I catch my lower lip between my teeth, debating whether I want to push him or not. “Okay, is there something you need to tell me?”
He frowns. “Veronica, what is this about?”
“I know you had a doctor’s appointment this morning.”
His frown darkens. “Since when do we snoop in our personal files?”
“Since forever,” I snap. “It’s not like you’re an angel. You had a tracker on me my entire two last years of high school. And—” I can’t believe he got me to lose my cool. I close my eyes, take a slow, deep breath, count to five, and slowly let it out. “Look,” I say more calmly, “it’s too late now, I know about the appointment. What did the doctor say?”
He leans back in his chair, fiddling with his cane. “That I just have to keep taking my meds and going to physio.”
And the other thing? What did the good, overworked doctor say about your memory problems? “That’s it?”
“Yeah.”
My Dad, the straight-up, honest man that has given me life, is lying to me. “Seems that meds and physio aren’t really helping.”

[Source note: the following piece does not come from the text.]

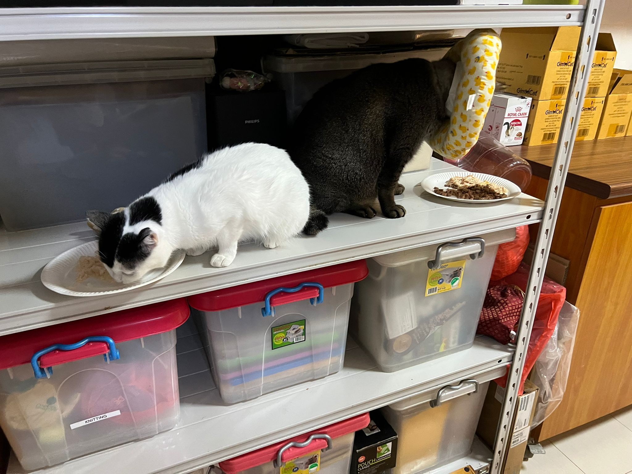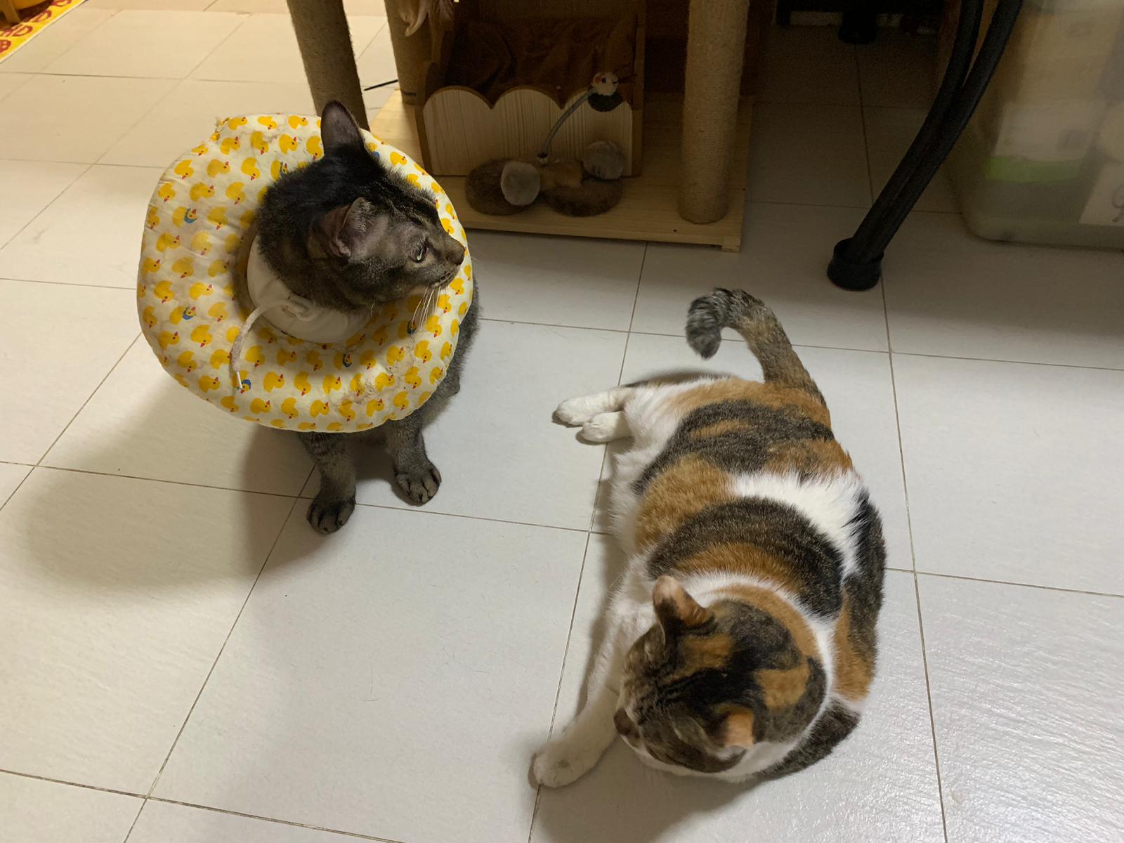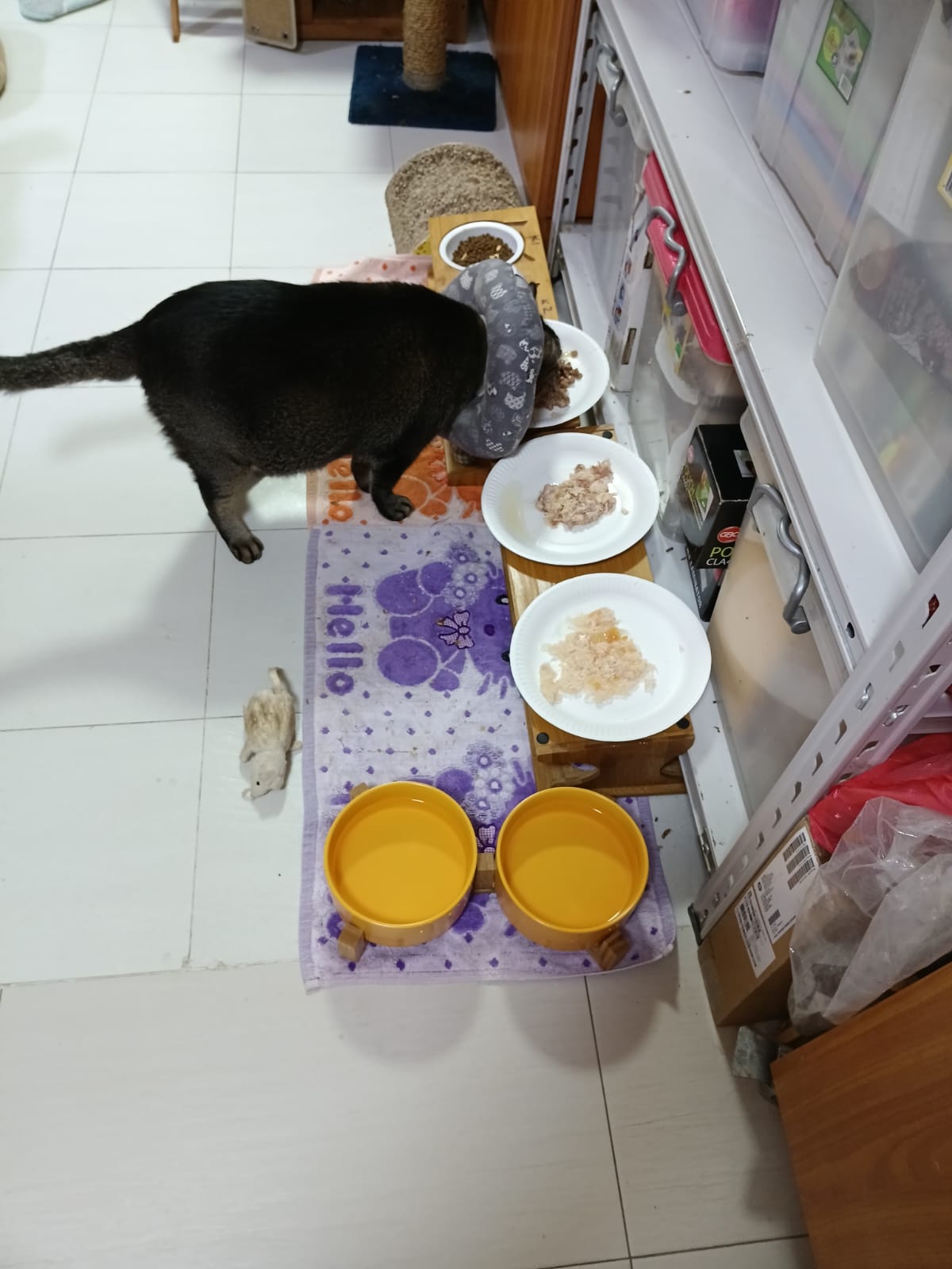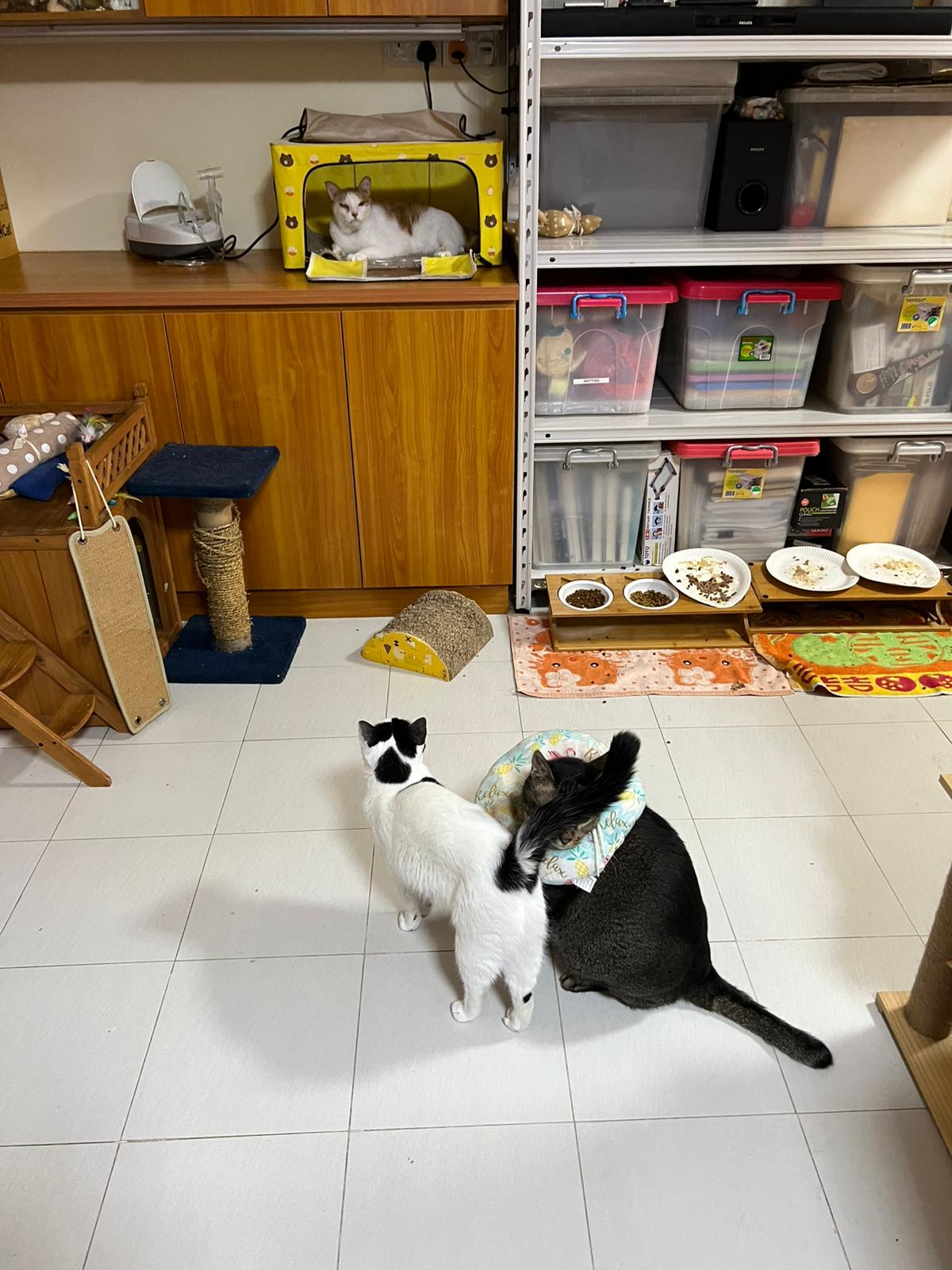9.00am: I enter 猫房 and both joy and rufus right there. But they Waited for me to throw plates. Scoop poo n I go into 猫房 take new plates n they stare at me, so long then serve food.
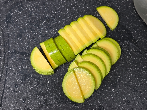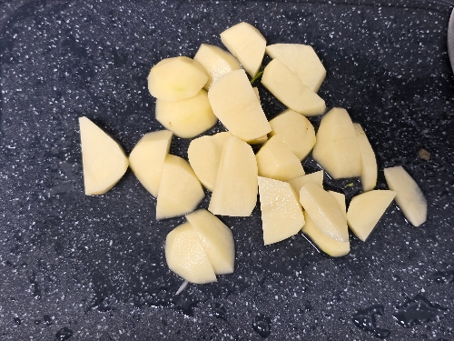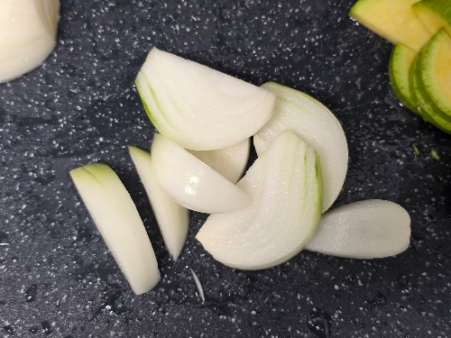 2. 양파, 감자는 듬성듬성 썰어주고 애호박은 반달모양으로 썰어주세요.

He shrugs. “It takes time.”
“Five years?” I scoff. “Maybe it’s time to switch doctors. Get a better one. One that actually cares.”
He sighs. “Veronica, my insurance won’t cover anything more. At least not a doctor who actually cares. Only money can guarantee that.”
“We have money,” I argue.
“And we need it to continue helping those in the community who aren’t as fortunate as us, Veronica. We’ve talked about this. We take our paychecks for what we need: your rent, monthly costs, the mortgage on my house. I can still use both my legs, I won’t increase my premium or switch doctors at the expense of someone who might need help and not be able to afford us.”
Fighting for the underdog and under-privileged. That is the Mars way.
He gets up with a wince; he’s overtaxed his leg today, and circles the desk to give me a peck on the cheek. “I’m heading home. Lock up, okay?”
I nod and softly bid him good night. It’s only when I hear the outer door close behind him that I lower my face into my hands. I don’t know what to do. Give me a con, an adulterer, a murder, or a dog-napping, and I’m in my element, but this one has me stumped. This is my Dad and I don’t know how to help him. Scratch that. I know how to help him, but he won’t let me. He won’t even tell me.
I need an objective observer, and I need objective advice.
I reach for my phone and then wince as I glance at the clock. It’s too late to call Jane, no matter what she said. But there’s the next best thing waiting for me at home.
I sigh heavily. Back to the communication business.